AMANPOUR: And let me ask you this. You were talking about how it unfolded. Do you think that this is a case of omission or commission? In
other words, do you believe, does "The New York Times" believe that this Trump administration which every day shows its disdain for the right and
safety of the free press, do you think they're actually actively telling their people not to look out for people like you?
WALSH: I think there are a couple of levels to it. I think one is what's said in public and the effect that that has. I think that the rhetoric
that we've been talking about, particularly the use of the term "fake news" sends entirely the wrong signal to authoritarian leaders in countries like
Egypt and Turkey where those leaders see the press as an irritant to be squashed.
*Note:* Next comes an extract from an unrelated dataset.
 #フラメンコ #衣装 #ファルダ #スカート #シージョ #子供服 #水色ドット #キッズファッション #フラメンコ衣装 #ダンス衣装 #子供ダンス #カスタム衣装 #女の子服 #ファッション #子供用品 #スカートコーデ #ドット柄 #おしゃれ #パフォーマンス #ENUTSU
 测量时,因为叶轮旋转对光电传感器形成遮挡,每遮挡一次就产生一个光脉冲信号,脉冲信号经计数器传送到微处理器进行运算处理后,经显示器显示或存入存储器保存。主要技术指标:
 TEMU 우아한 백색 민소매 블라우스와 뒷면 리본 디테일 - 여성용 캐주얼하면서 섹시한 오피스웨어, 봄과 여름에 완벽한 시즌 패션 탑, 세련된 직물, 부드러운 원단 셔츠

And they feel -- and when they hear a country like the U.S., which traditionally has stood staunchly for press freedom, they see that as a
sign that those principles are wavering in the U.S. and that they will not face the same kind of pushback or reprisals that they might once have faced
if they crack down on journalists, either international ones or local ones.
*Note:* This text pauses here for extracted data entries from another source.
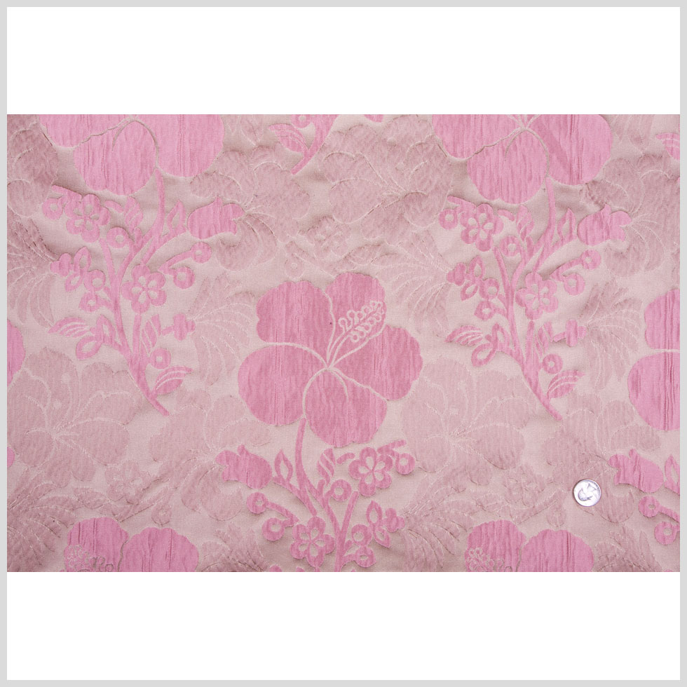 This is a polyester high relief floral brocade in bronze and dusted pink. Medium weight, good for drapes.
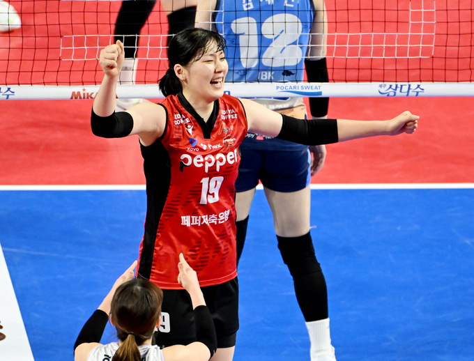 리그 반환점을 돌며 상황이 변했다. 중앙의 한 축을 맡던 하혜진이 발목 부상을 입자 장소연 감독이 염어르헝 카드를 꺼내들기 시작했다. 지난 9일 IBK기업은행과의 4라운드에서 생애 첫 풀타임 경기를 치렀다. 5세트 혈투 끝 승리까지 내내 코트를 지켰다. 블로킹도 3개를 건지며 ‘건강한’ 염어르헝의 모습을 드디어 보여줬다. 이후 꾸준히 선발 멤버로 코트를 밟는다.
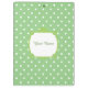 Alerta de bondade!  Esta linda prancheta verde e branca é perfeita para o amante da bolinhas.  Exibindo bolinhas verdes e brancas e um lugar encantador para escrever seu nome no verso, adicionar seu próprio toque exclusivo com fotos, texto, citações etc.
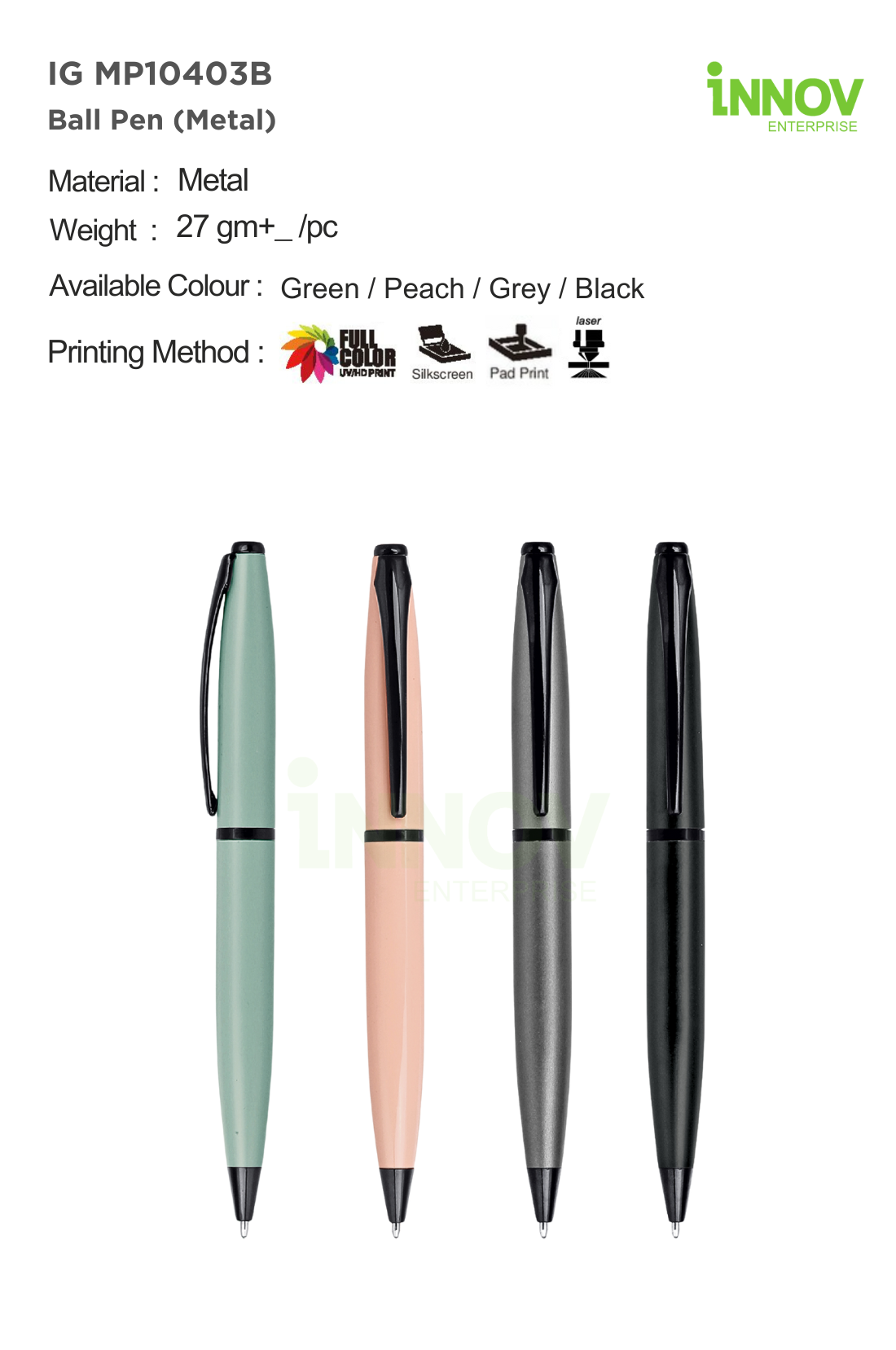 Innov Enterprise provides professional branding services for the IG MP10403B Metal Ball Pen, offering:

And I think the second aspect to it is what's going on in private. We don't know exactly what the policy of the Trump administration is on press
freedom in relation to cases like mine or in relation to local journalists in these countries.
But what we do know is what this official told our editors which is that he felt in this case at least that the administration, even though it was
aware of this threat, was not ready or was not prepared to act. And I think that was a worrisome sign.
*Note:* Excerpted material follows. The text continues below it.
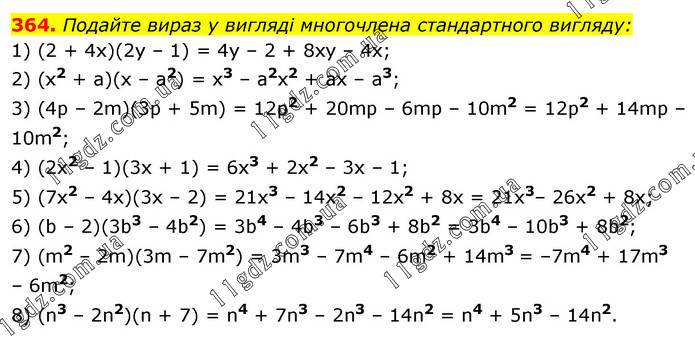 Подайте вираз у вигляді многочлена стандартного вигляду: 1) (2 + 4х)(2у – 1) = 4у – 2 + 8xy – 4х; 2) (х2 + а)(х – a2) = x3 – а2х2 + ах – а3; 3) (4р – 2m)(3р + 5m) = 12p2 + 20mр – 6mр – 10m2 = 12p2 + 14mp – 10m2; 4) (2х2 – 1)(3х + 1) = 6х3 + 2x2 – 3х – 1; 5) (7х2 – 4х)(3х – 2) = 21х3 – 14х2 – 12х2 + 8х = 21х3– 26х2 + 8x; 6) (b – 2)(3b3 – 4b2) = 3b4 – 4b3 – 6b3 + 8b2 = 3b4 – 10b3 + 8b2; 7) (m2 – 2m)(3m – 7m2) = 3m3 – 7m4 – 6m2 + 14m3 = –7m4 + 17m3 – 6m2; 8) (n3 – 2n2)(n + 7) = n4 + 7n3 – 2n3 – 14n2 = n4 + 5n3 – 14n2.
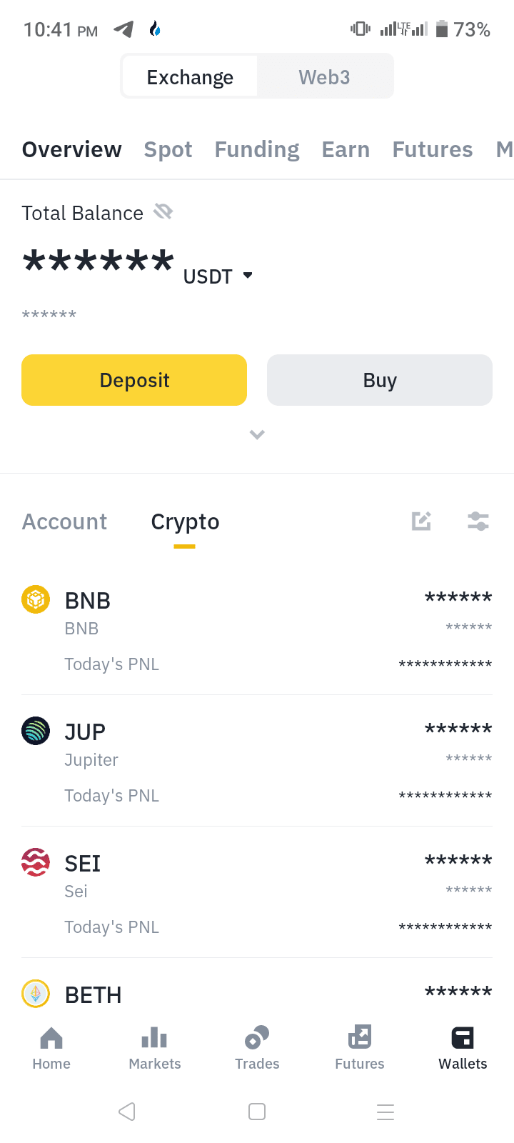 - Přihlaste se do aplikace Binance a klepněte na kartu "Peněženky".

And I think that's why the publisher of "The Times", A.G. Sulzberger, chose earlier this week to make this case public as an example of what he sees
and has seen more broadly as a worrying phenomenon, that the U.S. that was once, if you like, the guarantor of press freedom for its own journalists
and for other journalists in other countries now seems to be stepping back from that role.
AMANPOUR: And A.G. Sulzberger did go to the White House again in February and talked face to face with the president about this issue which has been
published before. But this sound of their conversation, let's just play it.
(BEGIN VIDEO CLIP)
A.G. SULZBERGER, PUBLISHER, THE NEW YORK TIMES: As I've talked to my colleagues around the globe, working in different countries, particularly
working in countries where a free press is already a tenuous thing, they say that they are increasingly of the belief that your rhetoric is creating
a climate in which dictators and tyrants are able to employ your words in suppressing a free press. I'd urge you to reconsider these attacks.
DONALD Trump, PRESIDENT OF THE UNITED STATES: I understand that.
SULZBERGER: But if -- you choose not to, I just, I want you to be aware of some of the consequences that I'm starting to see out there.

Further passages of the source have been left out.